> **PROBLEM DETAILS**
In the listing below, print exactly the lines between the line holding "Collana con cuore" and the line holding "Highly requested in", inclusive, and no more.

> **RECORD SET**
⟨

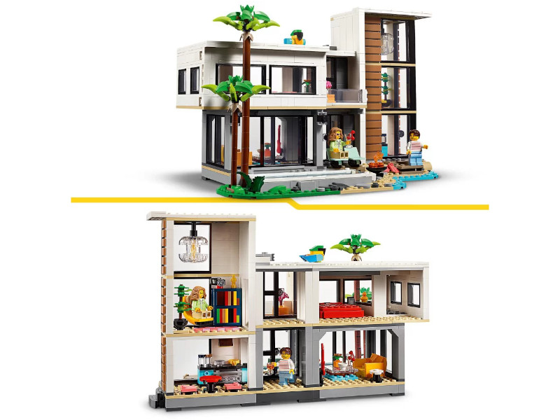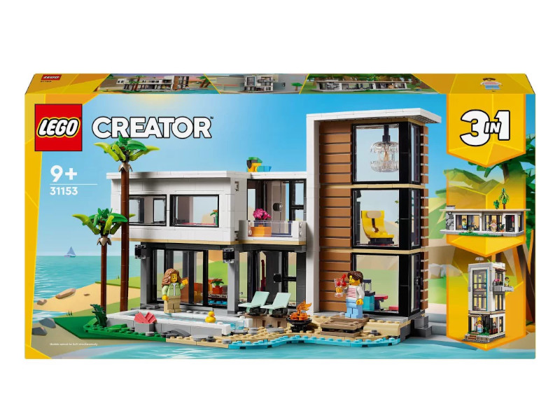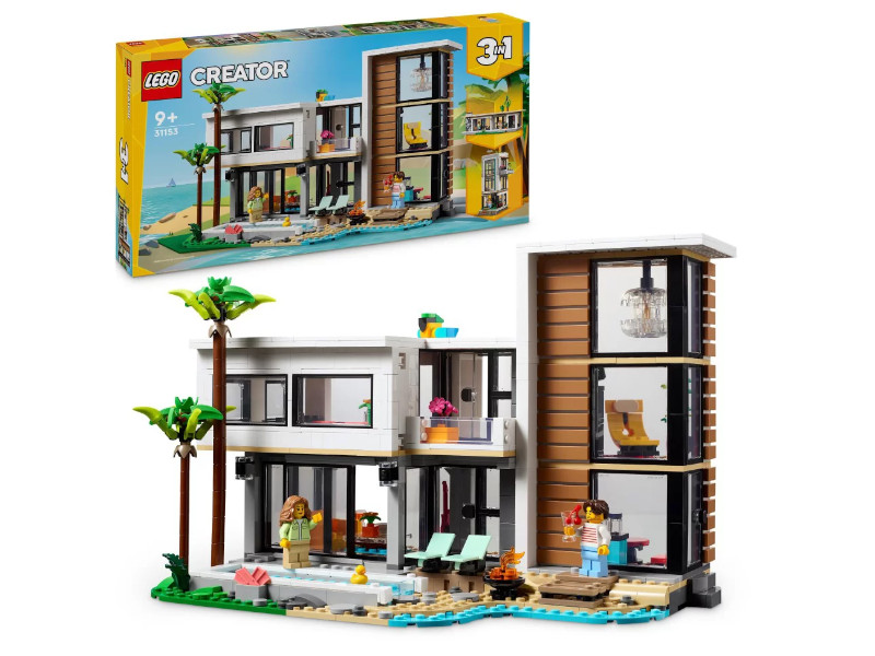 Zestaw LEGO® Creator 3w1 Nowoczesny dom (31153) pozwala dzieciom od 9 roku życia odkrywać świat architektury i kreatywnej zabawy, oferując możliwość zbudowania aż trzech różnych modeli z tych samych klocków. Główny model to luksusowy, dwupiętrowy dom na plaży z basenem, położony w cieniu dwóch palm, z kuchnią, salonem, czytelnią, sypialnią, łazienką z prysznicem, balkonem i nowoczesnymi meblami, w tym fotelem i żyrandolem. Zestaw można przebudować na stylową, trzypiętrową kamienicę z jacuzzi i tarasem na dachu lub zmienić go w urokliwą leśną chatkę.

⟩
⟨

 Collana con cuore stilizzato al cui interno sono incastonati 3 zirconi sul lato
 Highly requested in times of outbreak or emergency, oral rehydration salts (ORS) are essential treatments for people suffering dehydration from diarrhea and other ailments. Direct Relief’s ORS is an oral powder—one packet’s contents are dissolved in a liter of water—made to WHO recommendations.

⟩
⟨

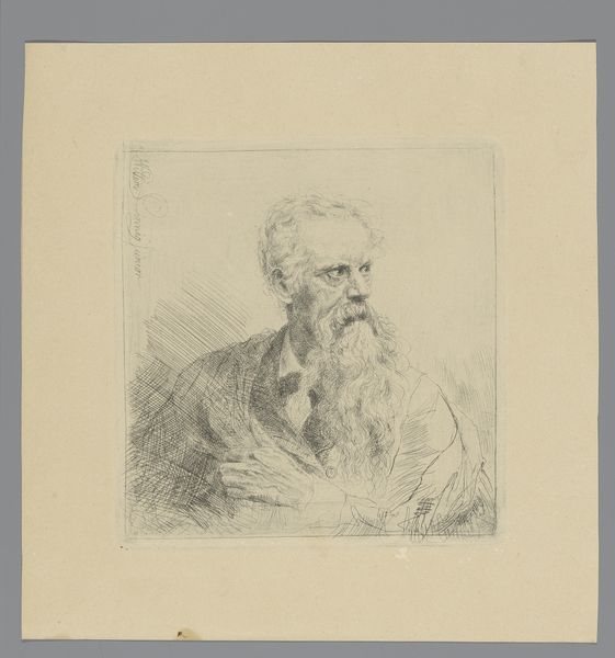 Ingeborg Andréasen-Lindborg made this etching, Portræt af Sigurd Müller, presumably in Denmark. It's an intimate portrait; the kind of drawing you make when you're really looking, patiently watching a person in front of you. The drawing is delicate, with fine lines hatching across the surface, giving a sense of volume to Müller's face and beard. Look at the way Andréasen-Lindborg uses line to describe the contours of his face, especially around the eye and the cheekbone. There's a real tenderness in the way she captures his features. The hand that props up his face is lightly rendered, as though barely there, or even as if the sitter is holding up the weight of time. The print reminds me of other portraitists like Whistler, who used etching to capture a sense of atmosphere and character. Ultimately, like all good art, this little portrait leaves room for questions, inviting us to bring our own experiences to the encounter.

⟩

> **OUTPUT OF THE EXERCISE**
 Collana con cuore stilizzato al cui interno sono incastonati 3 zirconi sul lato
 Highly requested in times of outbreak or emergency, oral rehydration salts (ORS) are essential treatments for people suffering dehydration from diarrhea and other ailments. Direct Relief’s ORS is an oral powder—one packet’s contents are dissolved in a liter of water—made to WHO recommendations.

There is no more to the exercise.